On 22 July, the governor of Istanbul announced that all unregistered Syrians must leave the city by 20 August. At least 2,630 refugees have been removed since, many of whom say they have been sent back into the warzone in contravention of international law.
The Turkish government says that the new ruling in Istanbul is necessary to relieve pressure on the city, the biggest refugee hosting province in Turkey by sheer numbers. Nearly 550,000 Syrians are registered there, and the real figure may be as high as a million.
“Refugees and asylum seekers must not be forced to return to any part of Syria as long as the conditions have not been met for safe and voluntary returns,” the European Commission spokesman Carlos Martin Ruiz de Gordejuela said in a statement on 6 August.
Those arrested are taken first to police stations and then to detention centres around Istanbul. From there, buses carry them 500 miles down to the Syrian border in groups of about 100 every Tuesday and Thursday.
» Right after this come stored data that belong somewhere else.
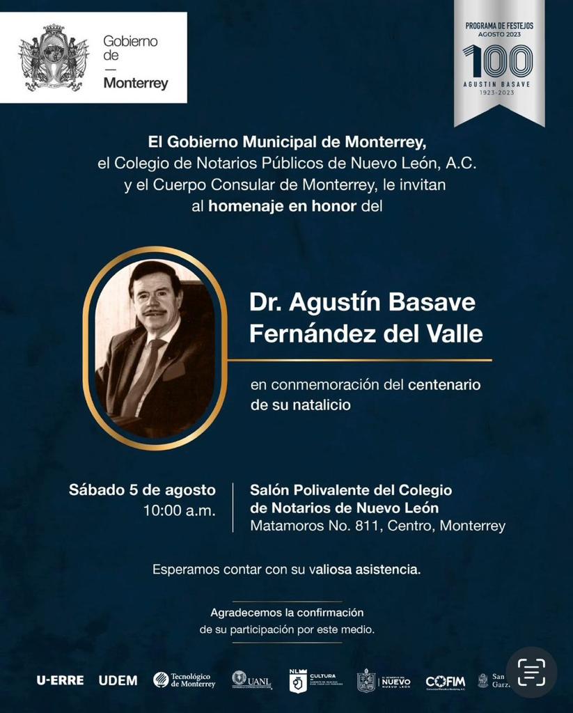 El sábado 5 de agosto de 2023 el Gobierno de Monterrey, el Colegio de Notarios Públicos de Nuevo León, AC y el Cuerpo Consular de Monterrey, rindieron homenaje al Dr. Agustín Basave Fernández del Valle en conmemoración del centenario de su natalicio. El evento se llevó a cabo en el Leer más
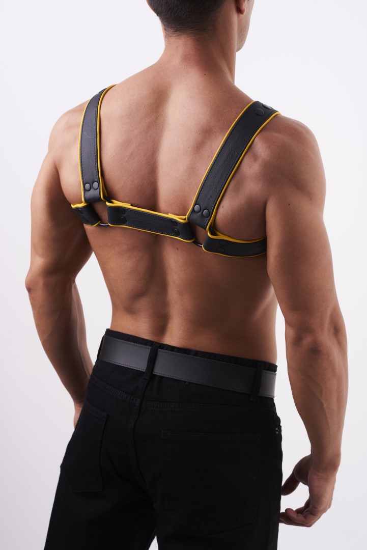 HighQuality - Soft Leder Brust Harness Schwarz/Gelb
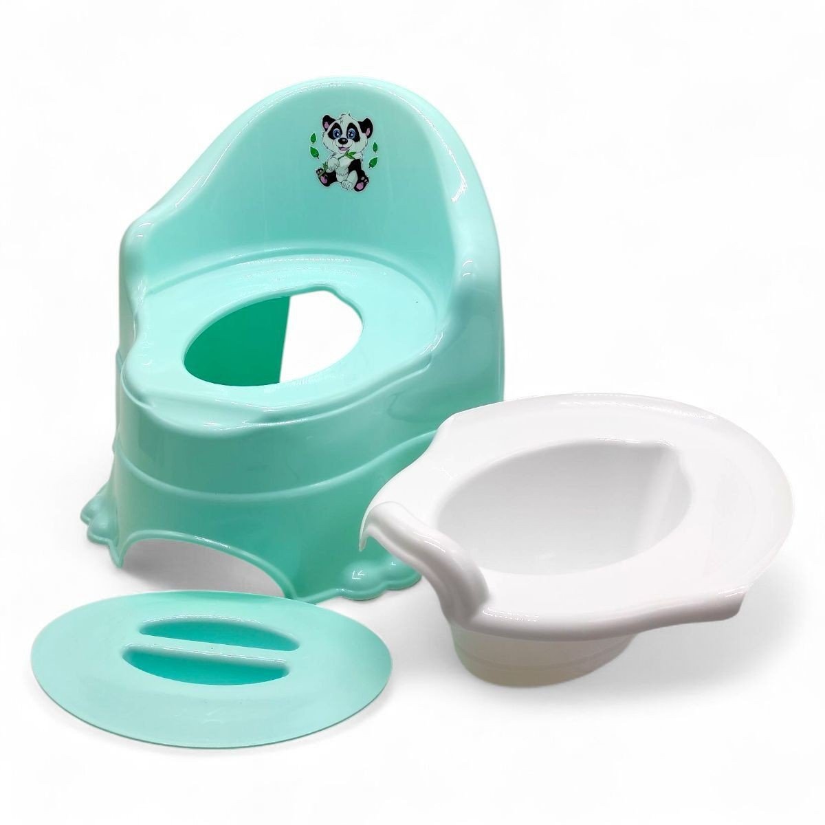 Горщик дитячий, пластиковий. В стілець-горщик вставляється малий горщик, з кришечкою. Внутрішні розміри горщика: 20 х 13 см.
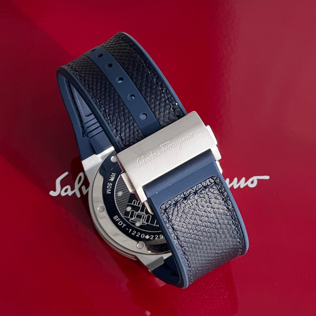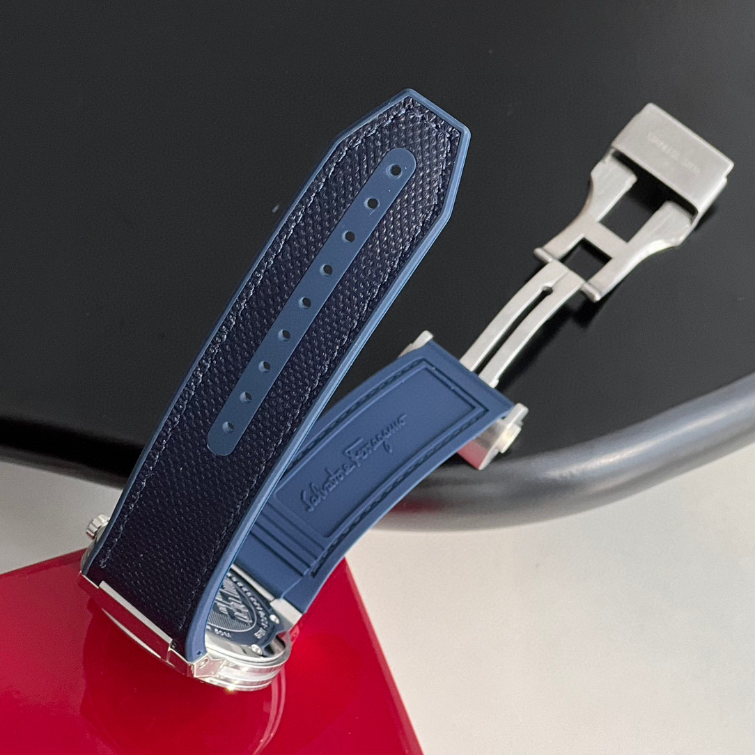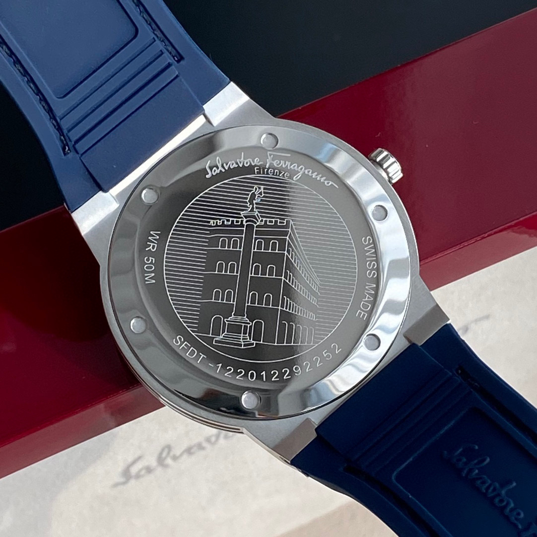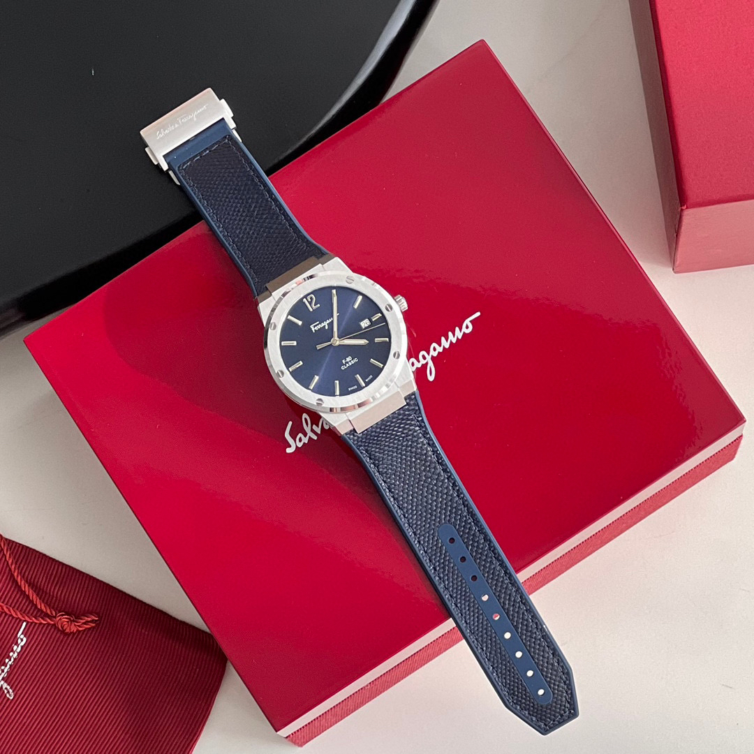 新款首发!外贸出口订单,Ferragmo F-80 Slim系列,简约优雅时尚男表;表径:41mm,采用纤薄的表壳,运动的气质;鳄鱼纹蛇纹小牛皮搭配橡胶表带,运动与优雅联合,彰显匠心精工品质,防水防汗佩戴舒适;简约太阳纹盘面,经典大气三针设计,立体时标Logo增添视觉层次感,硬朗螺钉精钢表壳,拉丝工艺,搭配齿轮F浮雕表冠,突显现代都市型男格调;底盖镌刻Ferragamo总部斯皮尼图案。蓝宝石水晶镜面;瑞士石英机芯,性能稳定,走时精准,50米防水,配原盒包装一手好价!

The Syrians must sign a paper saying that they want to return — but many say that they were forced to do so, or that they did not understand the papers.
“I didn’t sign yet, but everyone who comes here is eventually deported,” one person told The Times. “Sometimes the police force your fingerprint onto the paper.”
Nama, a Syrian living in Gaziantep, told Politico that her husband Mahmoud cannot read or write. “They let him stamp these papers with his thumb without knowing what these papers are,” she said. The whole family has permits to stay in Turkey, she added, but Mahmoud had left his at home the morning he was checked by police. Now he is waiting at the border crossing of Bab al-Hawa, hoping to be allowed back in to Turkey.
“We fled the bombs from the planes in Syria,” Nama said. “Now I am worried about our safety in Turkey.”
There are more than 3.6 million Syrians in Turkey. They are still eligible for “temporary protection”, a quasi-refugee status that grants Syrians the right to be in Turkey, albeit without the full scope of rights articulated in international conventions on refugees.
Getting the necessary paperwork has grown increasingly difficult since 2015, when responsibility for migration procedures passed from the police to the migration ministry, leaving many Syrians without papers. Others are stuck in bureaucratic loops that complicate family and working life.
Officially, Turkey is running a “voluntary return” scheme under which Syrians can choose to give up their temporary protection status and resettle in the 1,500 sq miles of northern Syria controlled by the Turkish army and allied rebel forces. Some 347,000 have already done so, according to Turkish officials.
“Turkey claims it helps Syrians voluntarily return to their country, but threatening to lock them up until they agree to return, forcing them to sign forms, and dumping them in a war zone is neither voluntary nor legal,” Gerry Simpson, associate Emergencies director, told Human Rights Watch. “Turkey should be commended for hosting record numbers of Syrian refugees, but unlawful deportations are not the way forward.”
The deportations mark a turning point for Turkey’s policy on Syrians. For years, the government insisted on keeping its border with Syria open, making Turkey the country hosting the largest number of refugees worldwide.
The crackdown is a way for Mr Erdoğan to win back electoral support as a recent poll showed that only 40 per cent of Turks are now happy for Syrians to live in their city, compared with 72 per cent in February 2016. The ruling Justice and Development Party suffered a huge blow in the Istanbul elections in June.
A July survey showed that just 21 per cent of respondents were willing to be friends or neighbors with Syrians, half the rate it was three years ago. Many accuse Syrians of taking their jobs and overwhelming public services amid a painful economic downturn that unleashed soaring inflation and has put millions of Turks out of work.
The United Nations High Commissioner for Refugees (UNHCR) said in a statement that “the vast majority of Syrian asylum-seekers continue to … need international refugee protection” and that it “calls on states not to forcibly return Syrian nationals and former habitual residents of Syria.”